Thanks for writing it.”
Time Travel Hotel is available in paperback and all manner of ebook versions. If you buy the paperback from Burning Eye and put the promo code DADA in the relevant box you will get it half price.
Here’s a sample…
Time Travel Hotel is a satirical sci-fi novel published by Burning Eye in April 2015. When I say satirical though I mean I use Sci-fi and satire as a way of exploring certain other ideas – I do not satirise Sci-fi. Too big a fan for that!
It is an exercise in accessible experimentation so on the one hand it is experimental. I fold several interwoven stories together and throw in a couple of dada hand brake plots turns but all the while writing with one eye on the rules of Elmore Leonard. Hopefully the end results is part art-experiment-pretension but always a zippy easy read. Dada plot experiment meets delinquent pulp fiction? Yeah. That’s what I was aiming for.

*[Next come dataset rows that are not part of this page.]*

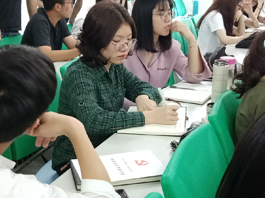 学生党员正在记录笔记
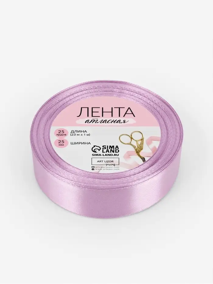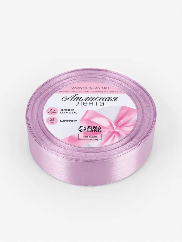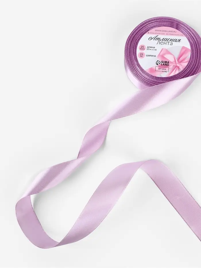 Лента атласная, 25 мм, 23±1 м, сиреневая №141
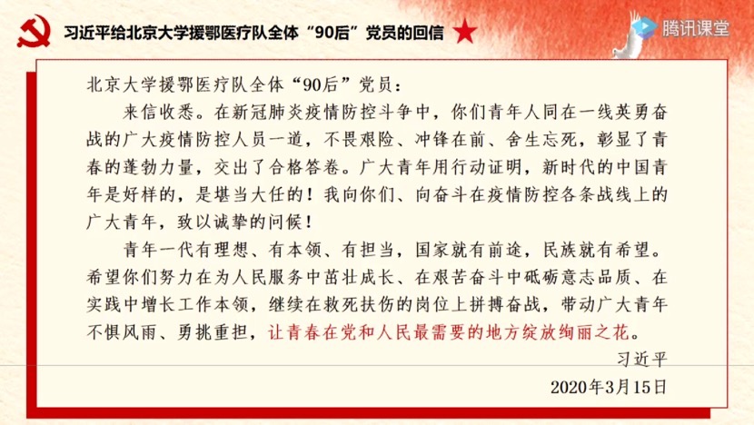 4月25日下午,学院党委赵凤书记通过网络直播平台为全体学生党员、第89期入党积极分子培训班学员以及第6期党员发展对象培训班学员讲授了题为《让青春在党和人民最需要的地方绽放绚丽之花》的专题党课暨“思政第一课”。

It is kind of 18+ though, I should warn prospective readers. It contains some bad sex. Not badly written (I hope) but bad as in failed, disastrous, embarrassing, cringe-worthy, clumsy and hopefully amusing. One Goodreads reviewer did decide that if you are easily shocked you should avoid Time Travel Hotel. Yeah – that was what I was aiming for.
There are some serious undercurrents. I explore the 21st Century’s obsession with immigration and outsiders, how the same situation has different repercussions depending on race, gender, species, planet of origin.

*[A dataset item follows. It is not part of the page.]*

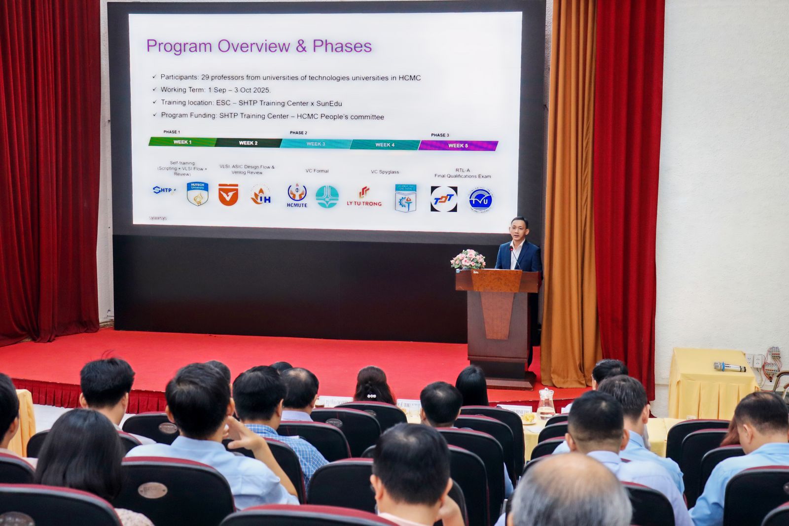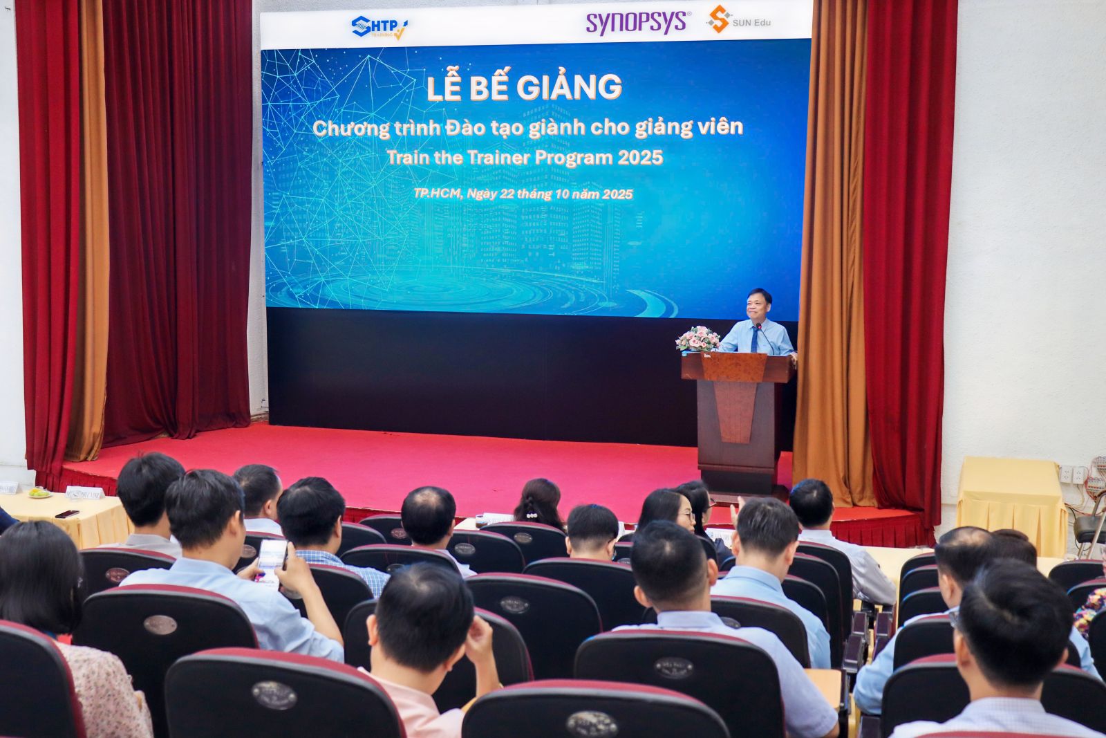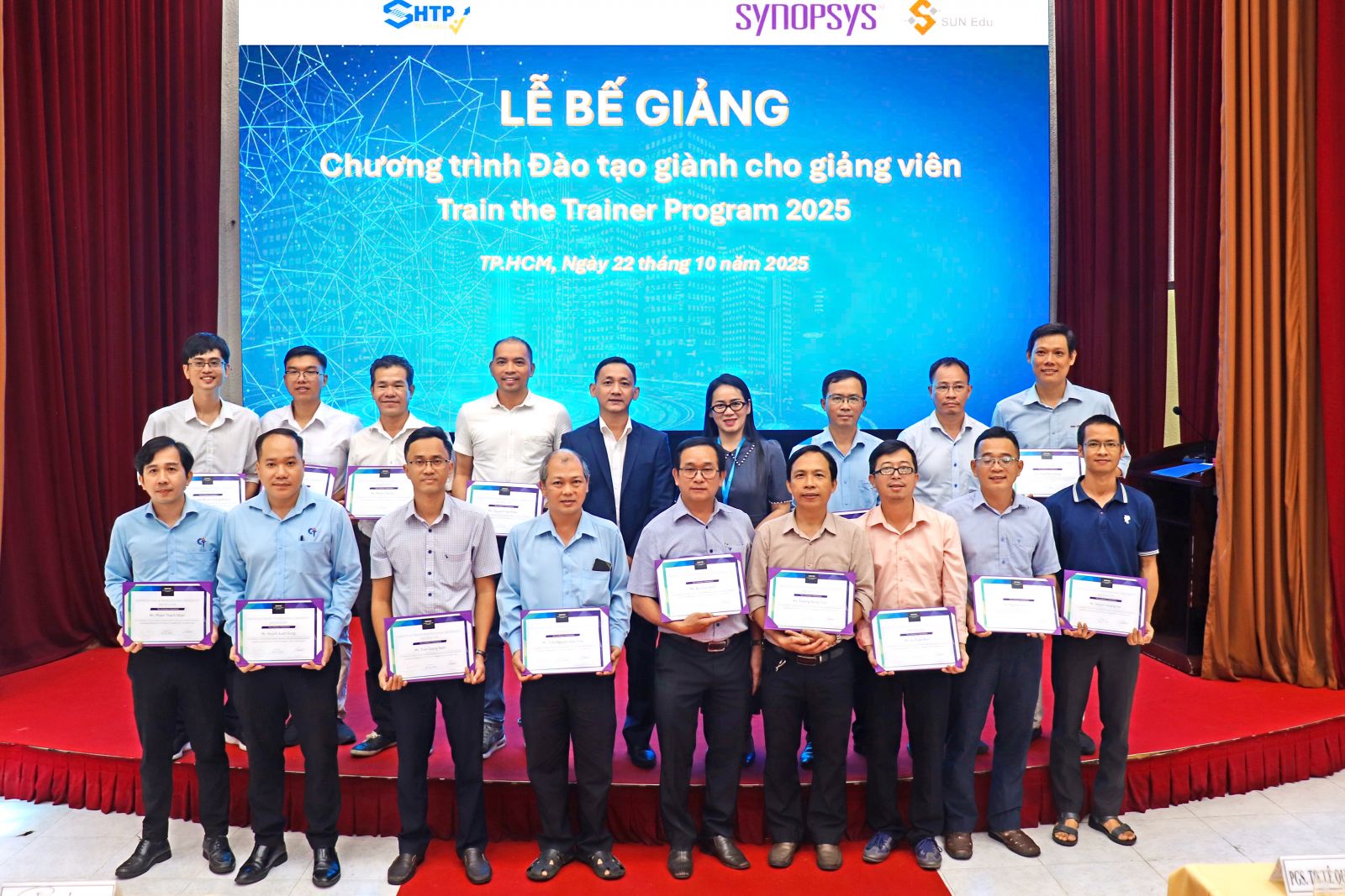 Sáng ngày 22/10/2025, tại Hội trường Trung tâm Đào tạo Khu Công nghệ cao TP. Hồ Chí Minh đã diễn ra Lễ bế giảng “Chương trình Train the Trainer (ToT) 2025 - PROCESS FROM FRONT END DESIGN (RTL DESIGN) TO VERIFICATION” - khóa đào tạo chuyên sâu dành cho giảng viên các trường đại học, cao đẳng, viện nghiên cứu trong lĩnh vực thiết kế vi mạch.
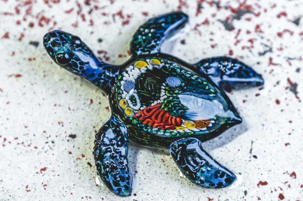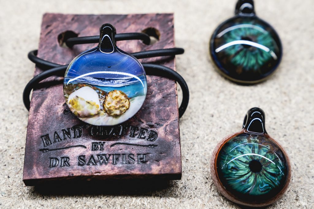 Beads, marbles, jewellery, vessels and dishes might be the standard fare of a glassblower – and certainly pieces mastered by Craig – but this workshop is defined by quirk. Kooky one off pieces are a Dr Sawfish special. Think tobacco pipes shaped like sharks, fried eggs perched on benchtops, glow in the dark panda bears, and crazy Halloween pumpkins bearing teeth. Expect the unexpected. In Craig’s own words, “If I was smart, I’d probably just make the same thing over and over, but it’s not about that for me.”

It is also a novel that wears its influences on its sleeve and a canny reader will find nods, winks, and references to Herodotus, Catch 22, Kurt Vonnegut, Waiting for Godot, The Monty Python Cheese Shop sketch, Star Wars, the 15th Century Hungarian king Mattias Corvinus, The Wasteland, The Simpsons, Liutprand of Cremona – historian of Otto the Great and Hong Kong Phooey.
What is it about? Try this:
Occupied during an Anarchist riot, Battersea Power Station flicks out of existence and returns as the technologically ambiguous INTERFOLD – THE TIME TRAVEL HOTEL REPUBLIC, complete with a reputation for spontaneously relocation.

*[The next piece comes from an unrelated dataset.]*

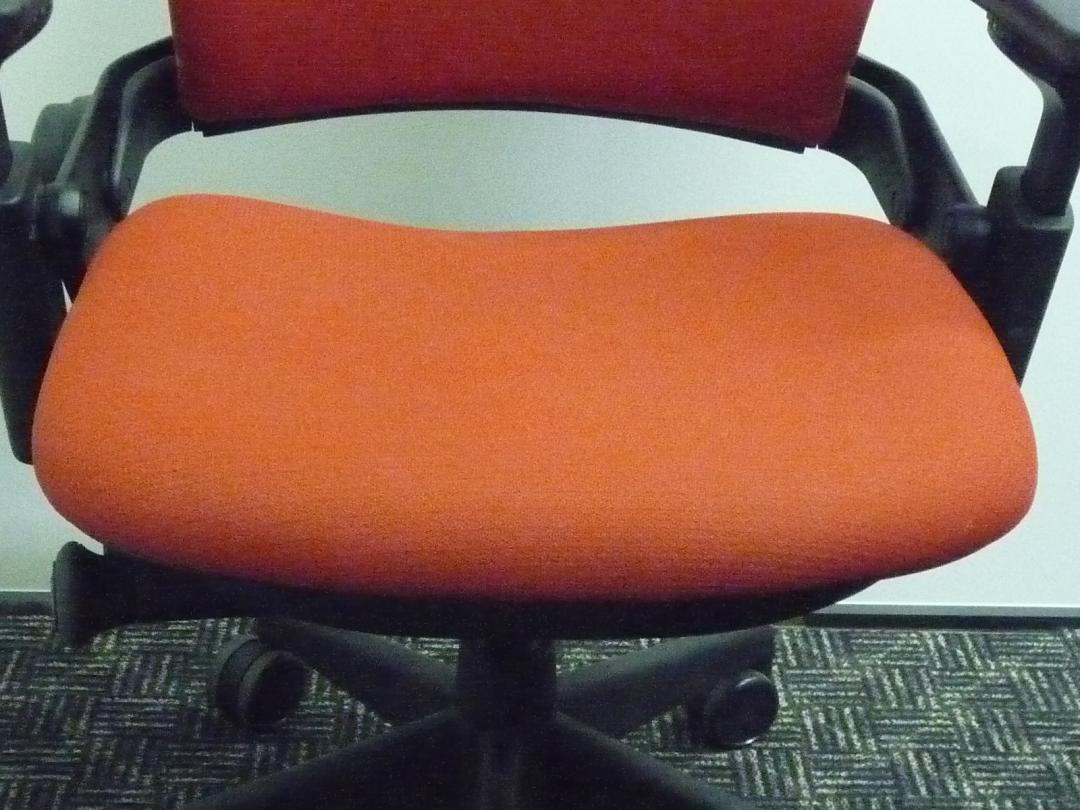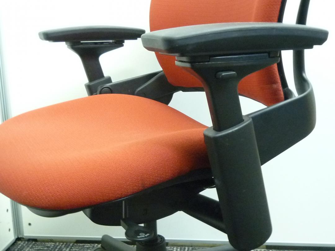 【高級チェア】■人間工学に基づいた抜群の座り心地■赤みの強いタンジェリン色■細かな調整機能が充実【状態良好】サーキュラーバリューCO2削減量の算出について
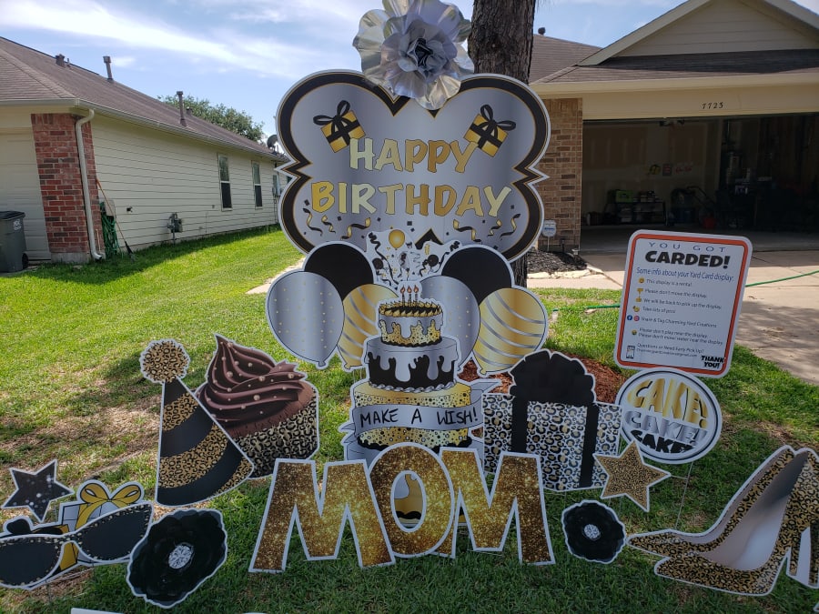 Leopard Yard greeting set comes with greeting of your choice. We will add stars, balloons, gift box, hearts ETC.

Black McCarthy, a detective, is sent to INTERFOLD by his client The Wolf in search of a man who may or may not be hiding under the name of Eugenides.
The Man Who Lived In A Vacuum Cleaner has shrunk to a few centimetres tall and become the subject of an Martian sex-periment to re-inflate him.
The Girl With Nine Lives has stopped counting.
The Dwarf With The Horse has migrated into INTERFOLD territory by mistake and finds himself in trouble with Eunuch policemen.
With Martians, Assassins, Bristolians and A Man Who Falls Through Floors, there are no shortage of characters willing to aide or hinder Black in his search. The problem is that he is not the only one who wants Eugenides found, and time is not only against him but is disregarding all the usual rules.
Think Hitchhikers, Catch 22, Sombrero Fall Out, Breakfast Of Champions, The Adventures of Tintin, an episode of Hong Kong Phooey, A splash of Monty Phython and The Wasteland put in a blender and wizzed up into the best of Elmore Leonard and tell me if I am close!